:: Records from a data collection ::
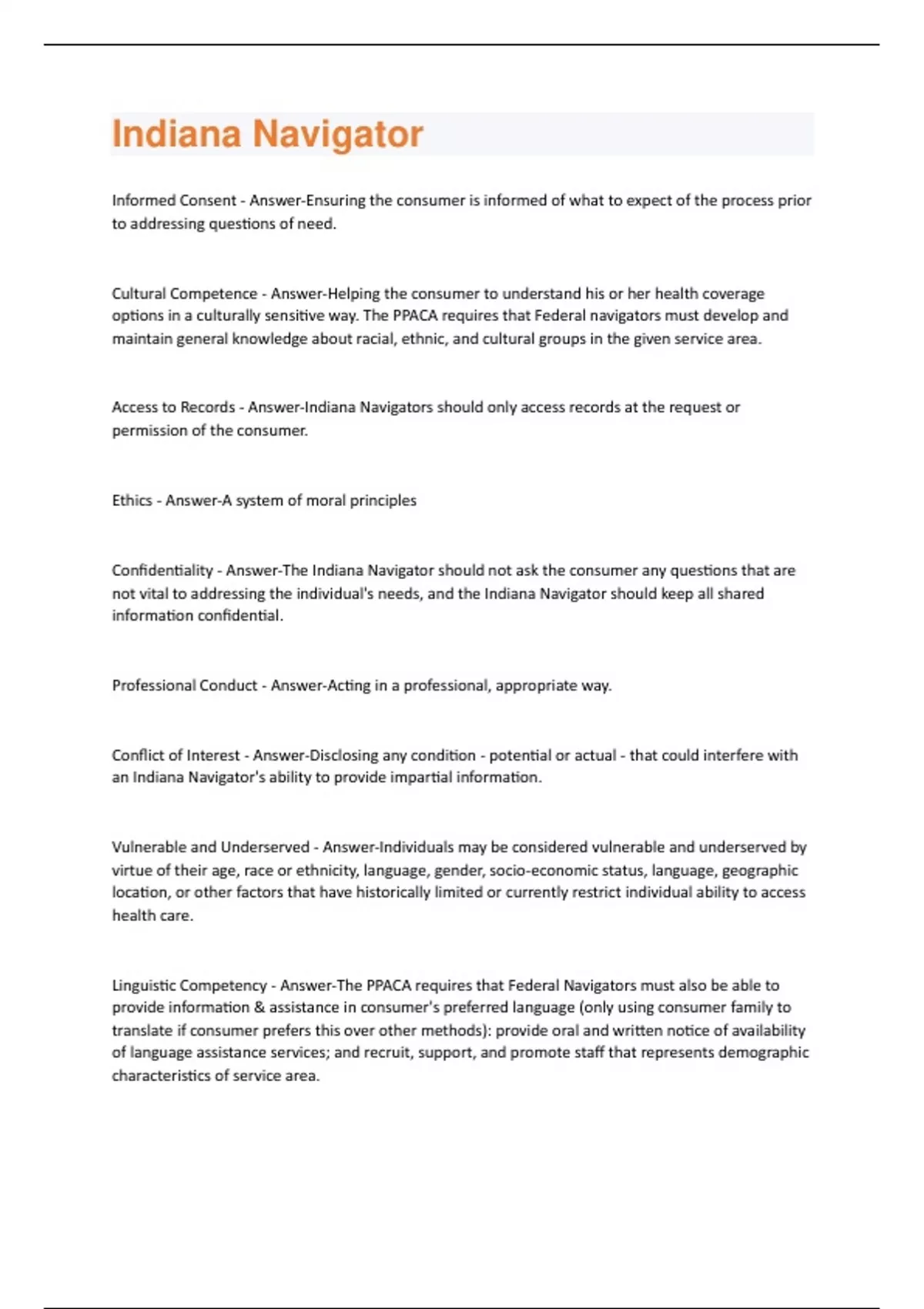 Informed Consent - Answer-Ensuring the consumer is informed of what to expect of the process prior to addressing questions of need. Cultural Competence - Answer-Helping the consumer to understand his or her health coverage options in a culturally sensitive way. The PPACA requires that Federal navigators must develop and maintain general knowledge about racial, ethnic, and cultural groups in the given service area. Access to Records - Answer-Indiana Navigators should only access records at the request or permission of the consumer. Ethics - Answer-A system of moral principles Confidentiality - Answer-The Indiana Navigator should not ask the consumer any questions that are not vital to addressing the individual's needs, and the Indiana Navigator should keep all shared information confidential. Professional Conduct - Answer-Acting in a professional, appropriate way. Conflict of Interest - Answer-Disclosing any condition - potential or actual - that could interfere with an Indiana Navigator's ability to provide impartial information. Vulnerable and Underserved - Answer-Individuals may be considered vulnerable and underserved by virtue of their age, race or ethnicity, language, gender, socio-economic status, language, geographic location, or other factors that have historically limited or currently restrict individual ability to access health care. Linguistic Competency - Answer-The PPACA requires that Federal Navigators must also be able to provide information & assistance in consumer's preferred language (only using consumer family to translate if consumer prefers this over other methods): provide oral and written notice of availability of language assistance services; and recruit, support, and promote staff that represents demographic characteristics of service area.Commitment to Clients - Answer-Promoting the needs identified by the consumer by listening to the consumer, using best judgment to determine the type of help the individual needs, and working within the Indiana Navigator's scope of knowledge and training in order to address those needs. Self - Determination - Answer-Promoting the consumer's ability to make better, more informed choices about what is best for him or her
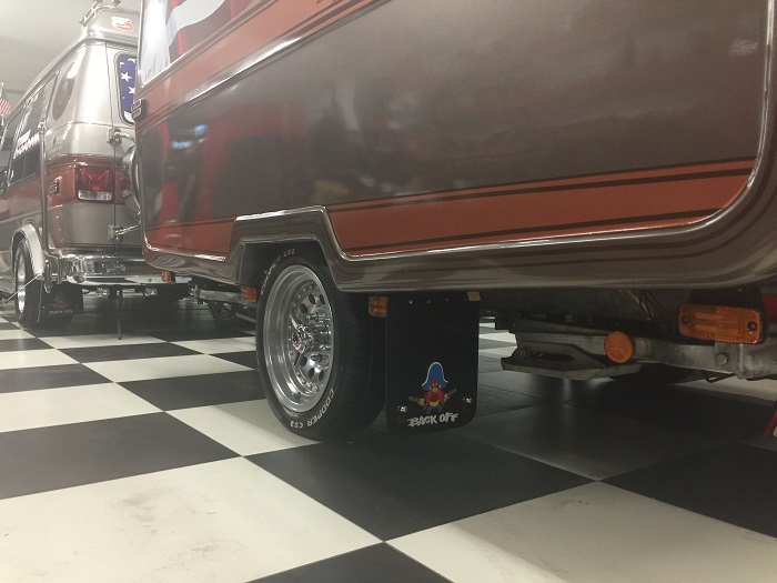 Felgi cięte na pół żeby weszły we wnękę, odnowione, założone opony Coopera identyczne modele jak w holowniku.
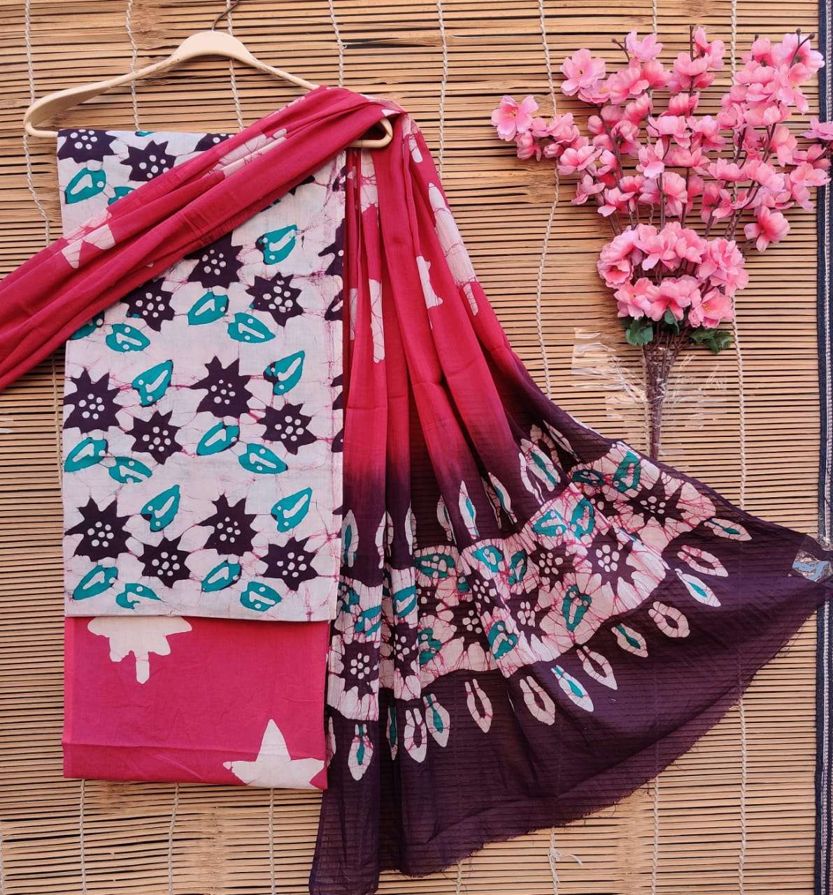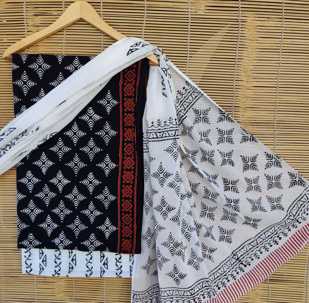 exclusive new hand block printed cotton suits with cotton dupatta
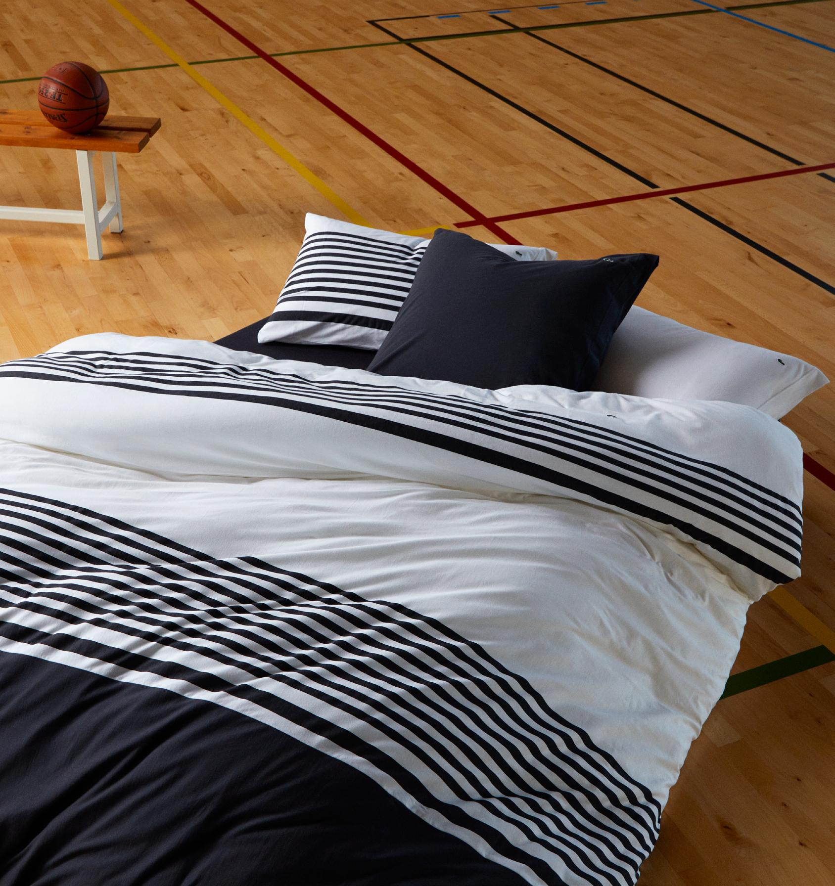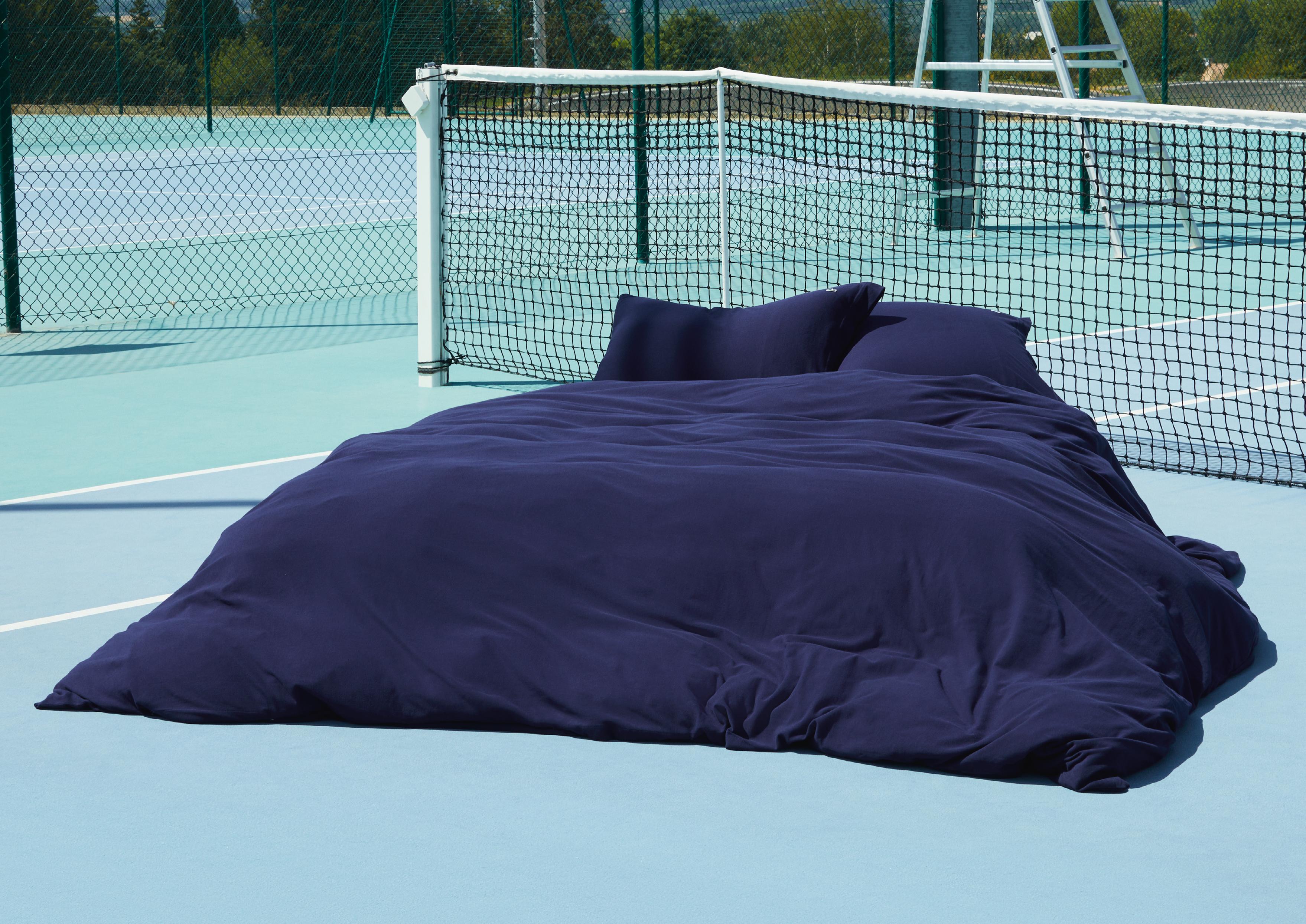 A timeless design playing on the impact of a tennis-ball trajectory. On superb cotton sateen, the brushed effect emphasises the faux-solid formed by multiple irregular stripes.
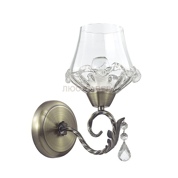 Арматура, декор: металлическая арматура украшена хрустальными подвесками; плафон: стекло
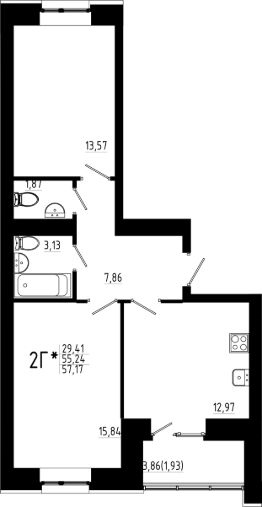 Продается 2комнатная квартира 397 общей площадью: 57.17 кв.м. на 4 этаже в 7 секции 9 этажного дома.
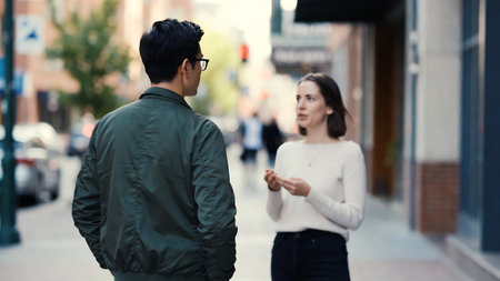 Young couple having a serious conversation outdoors
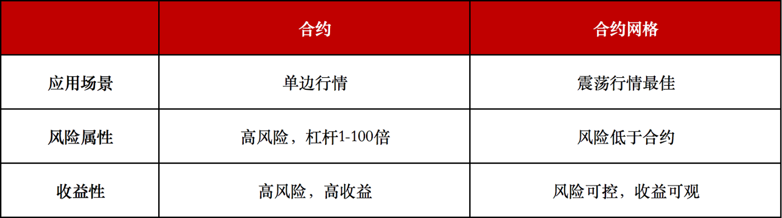 首先,我们要认清楚一点工具没有对错,也没办法简单的对比,就看用户的风险承受能力是否与工具的风险属性相匹配。 抛开高风险,高收益外,合约网格还有哪些特点:

:: Task statement ::
Each line above is to be duplicated exactly, and the pictures are to be omitted.

:: Output for this task ::
 Informed Consent - Answer-Ensuring the consumer is informed of what to expect of the process prior to addressing questions of need. Cultural Competence - Answer-Helping the consumer to understand his or her health coverage options in a culturally sensitive way. The PPACA requires that Federal navigators must develop and maintain general knowledge about racial, ethnic, and cultural groups in the given service area. Access to Records - Answer-Indiana Navigators should only access records at the request or permission of the consumer. Ethics - Answer-A system of moral principles Confidentiality - Answer-The Indiana Navigator should not ask the consumer any questions that are not vital to addressing the individual's needs, and the Indiana Navigator should keep all shared information confidential. Professional Conduct - Answer-Acting in a professional, appropriate way. Conflict of Interest - Answer-Disclosing any condition - potential or actual - that could interfere with an Indiana Navigator's ability to provide impartial information. Vulnerable and Underserved - Answer-Individuals may be considered vulnerable and underserved by virtue of their age, race or ethnicity, language, gender, socio-economic status, language, geographic location, or other factors that have historically limited or currently restrict individual ability to access health care. Linguistic Competency - Answer-The PPACA requires that Federal Navigators must also be able to provide information & assistance in consumer's preferred language (only using consumer family to translate if consumer prefers this over other methods): provide oral and written notice of availability of language assistance services; and recruit, support, and promote staff that represents demographic characteristics of service area.Commitment to Clients - Answer-Promoting the needs identified by the consumer by listening to the consumer, using best judgment to determine the type of help the individual needs, and working within the Indiana Navigator's scope of knowledge and training in order to address those needs. Self - Determination - Answer-Promoting the consumer's ability to make better, more informed choices about what is best for him or her
 Felgi cięte na pół żeby weszły we wnękę, odnowione, założone opony Coopera identyczne modele jak w holowniku.
 exclusive new hand block printed cotton suits with cotton dupatta
 A timeless design playing on the impact of a tennis-ball trajectory. On superb cotton sateen, the brushed effect emphasises the faux-solid formed by multiple irregular stripes.
 Арматура, декор: металлическая арматура украшена хрустальными подвесками; плафон: стекло
 Продается 2комнатная квартира 397 общей площадью: 57.17 кв.м. на 4 этаже в 7 секции 9 этажного дома.
 Young couple having a serious conversation outdoors
 首先,我们要认清楚一点工具没有对错,也没办法简单的对比,就看用户的风险承受能力是否与工具的风险属性相匹配。 抛开高风险,高收益外,合约网格还有哪些特点:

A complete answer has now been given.